Format(ting?) of Forever
Mark Pilgrim had a great post1 a little while ago where he talked about Docbook as ‘The Format of Forever’, but HTML as the ‘Format of Now.’ He also argued that (since technical books were constantly outdated) generating technical books in the Format of Now instead of the Format of Forever made a lot of sense.
I’m working on a project that I’d like to see as a long-term, Format of (nearly) Forever kind of work. Specifically, it is my grandfather’s autobiography, which I’d like to see as a long-term enough work that I can give it to my own grandkids some day. As a result, I’ve been wrestling on and off with two questions: (1) what is the right ‘Format of Forever’ and (2) once you’ve chosen that source format, what is the best ‘Output Format of Now’? Thoughts welcome in comments; my own mumblings below.

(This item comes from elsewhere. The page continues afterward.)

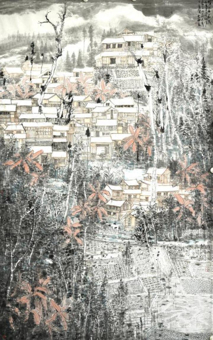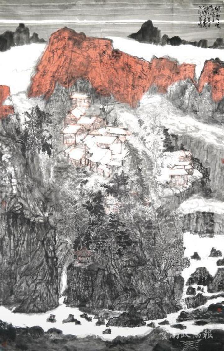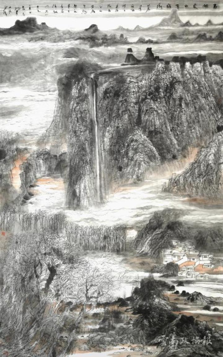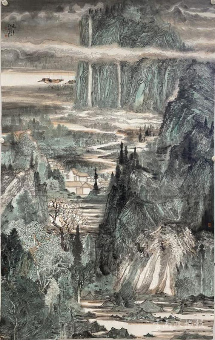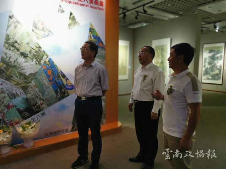 8月4日,位于翠湖畔的云南省图书馆二楼展厅,《梦聆云水》《古寨袭雨风半楼》《晴雨秋思》《雨润家山梦归乡》《远方》《有云飘过我家门前》等风格各异的丹青佳作展示了各民族团结一心、脱贫致富奔小康、建设美丽家园的精神风貌;中国画、油画、现代重彩画等绘画语言,更多集中于花卉和风景题材,也有人物(特别是文山地区少数民族)的表现。一系列手笔不凡的作品大气磅礴、美轮美奂,令人目不暇给。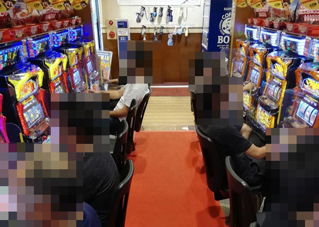 パチンコとパチスロの両方に、加熱式タバコを吸いながら遊技ができるコーナーが設けられているホールだ。

Grandpa, of course, wrote in the ultimate in formats of forever: typewriter. I scanned and OCRed it shortly after he passed away using the excellent gscan2pdf2, and have been slowly collecting other materials to use to supplement what he wrote – mostly pictures and scans of his Apollo memorabilia, but also family photos, like Grandpa’s Grandpa, Lewis Hannum, pictured above.
I’ve converted that to what I think may be the right ‘Format of Forever’: pandoc markdown, plus printed, easily re-scannable hard-copy. I’m thinking that markdown is the right source for a couple of reasons. Primarily: plain, simple ASCII text is hard to beat for future-proofing. Markdown is also easier to edit than HTML3.
The downside with markdown is that, while markdown is terrific for a very simple document (like grandpa’s writing is) I’d like to experiment with some slightly non-traditional media inclusion. For example, it would be nice to include an audio recording of my brother at the 1982 Columbia Shuttle launch, or a scan of Grandpa’s patent. Markdown has some facilities for including other files, but they appear to be non-standard (i.e., each post-processor handles them differently). Even image inclusion and basic formatting often feels wonky. HTML would make me happier in that direction, I suspect. And of course styling the output is a pain, though I think I have various ideas on how to do that.
- vanished since I originally drafted this, but link kept for reference
- Which, for the record, was roughly 1,000 times better than Canon’s bundled scanning crapware.
- which is sort of pathetic; how come we still don’t have a decent simple HTML editor?